Another chocolate cake using a seasonal vegetable - zucchini ! The zucchini makes this a real moist cake, just don't tell the kids and they'll ask for more.
¾ cup vegetable oil
2 Tablespoons margarine
1 teaspoons vanilla essence
3 eggs, lightly beaten
2 cups grated zucchini (squeeze juice out with hands)
¼ cup choc chip(optional) or ¼ cup walnuts (optional)
1½ cups Self Raising flour, sifted
½ teaspoon bicarb soda, sifted
¼ cup coca, sifted
Separate all dry ingredients and liquid ingredients. Mix both well with wooden spoon until just combined. If too dry add milk till smooth. Cook about 30 – 40 minutes or till cooked. When cool, ice with chocolate sauce (see below).
Naughty Chocolate Sauce (makes approx 1 cup)
Combine 100g good quality dark chocolate, 100ml thickened cream and 1 tablespoons brown sugar in a saucepan.
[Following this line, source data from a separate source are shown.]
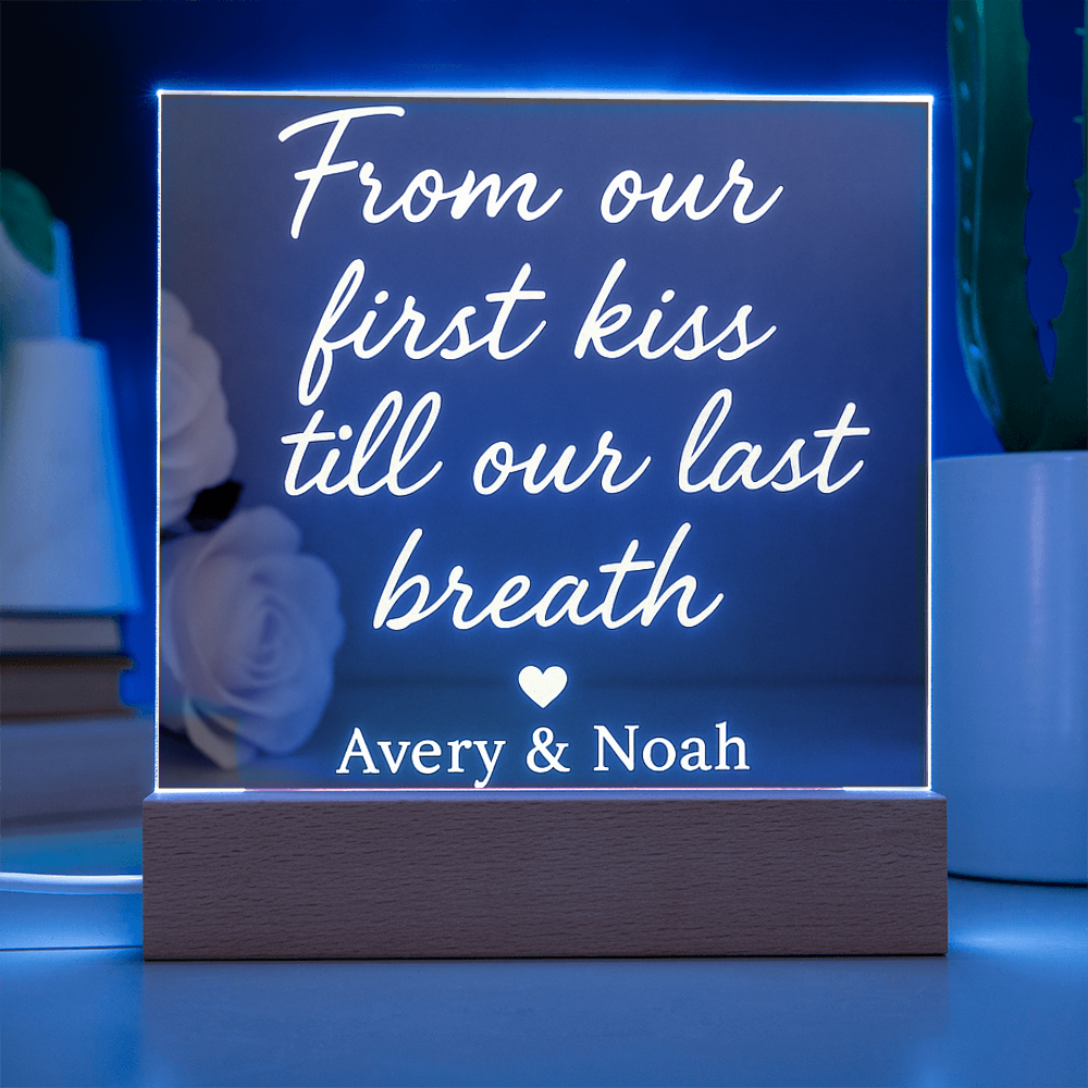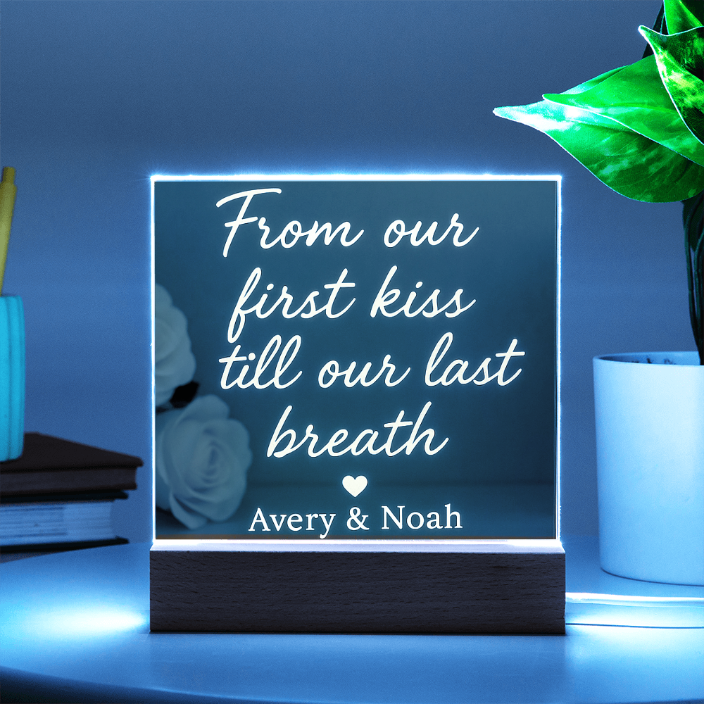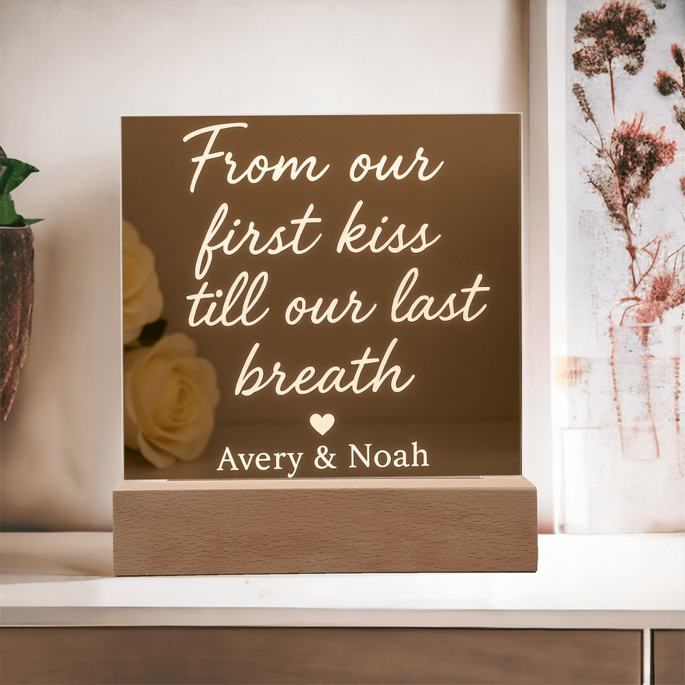 Acrylic Square Plaque - From our first kiss till our last breath ❤️
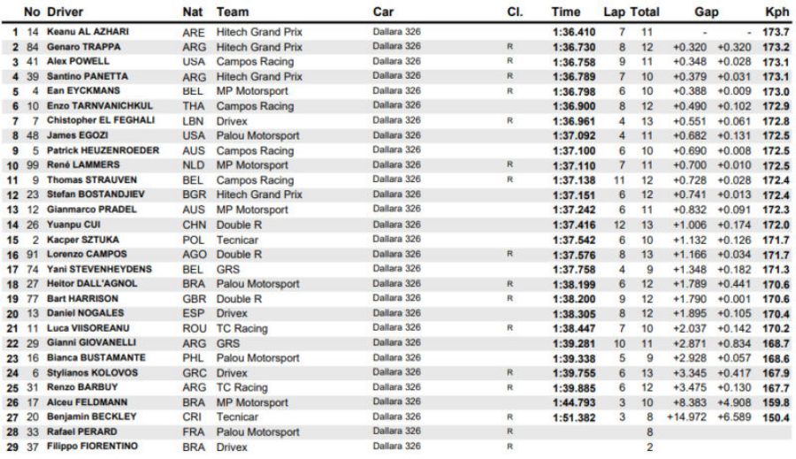 Santino Panetta desarrolló la primera tanda de entrenamientos oficiales del Winter Series 2026 de Eurcocup-3 en el Circuito de Do Algarve, Portimao (Portugal). El joven de Campana, piloto del equipo Hitech, culminó cuarto en los primeros ensayos del fin de semana, donde giró 10 vueltas y se ubicó a 0.379 del líder, el armenio Keanu Al Azhari.
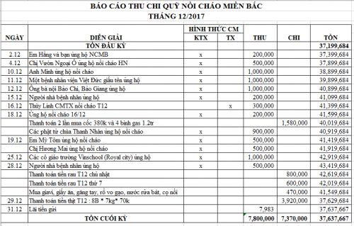 Tep gửi cả nhà báo cáo thu chi nồi cháo tháng cuối cùng của năm 2017 như bên dưới nhé
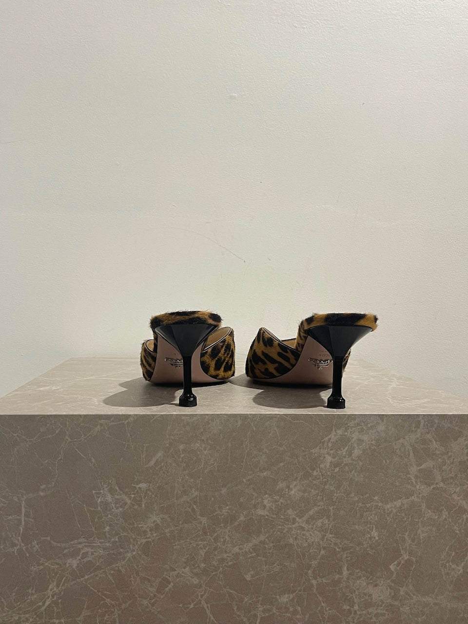 Mules à talons en poulain imprimé léopard avec bouts pointus et décolleté en V aux orteils.
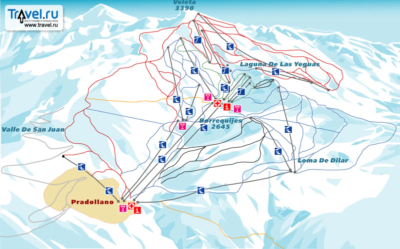 Сьерра Невада – самый южный горнолыжный курорт Европы. Здесь проводился чемпионат мира именно потому, что планировка и качество всех 45 трасс отличное, а также есть развитая инфраструктура городка Прадольяно. Не зря здесь катается сам король Испании. Перепад высот на склонах более 1100м с начальной точкой катания 3300 метров, а это означает, что даже профессиональным лыжникам не придется скучать. Сама станция расположена на высоте 2100 над уровнем моря, сезон длится с начала ноября по начало апреля, отличный снежный покров на протяжении всего сезона обеспечивают 278 снежных пушек. С самых высоких точек горы Veleta в ясную погоду можно увидеть не только воды Средиземного моря, но даже побережье Морокко, а это уже Африка. Отдых на этом поистине уникально расположенном горнолыжном курорте открывает дополнительные возможности посетить сказочную Гранаду, удивительную Севилью, гордость всей Испании Кордову и даже сам Мадрид.

Stir constantly over a very low heat until melted and smooth (do not overheat). Place sauce in fridge and stir every 10 minutes until thick for pouring over cake. Yummy, yum!!!!!!
Note: this sauce can also be served over ice-cream. You can also store in an airtight container in the fridge for up to 3 weeks. To reheat, microwave on medium-high, stirring every minute, until runny and thin.
75g dark chocolate buttons
75g milk chocolate buttons
¼ cup cream
Heat cream in microwave until hot and bubbly. Add all the chocolate ensuring the chocolate is well covered, let sit for 1 minute then stir to melt and incorporate chocolate with cream. Let stand at room temperature, or fridge to speed up.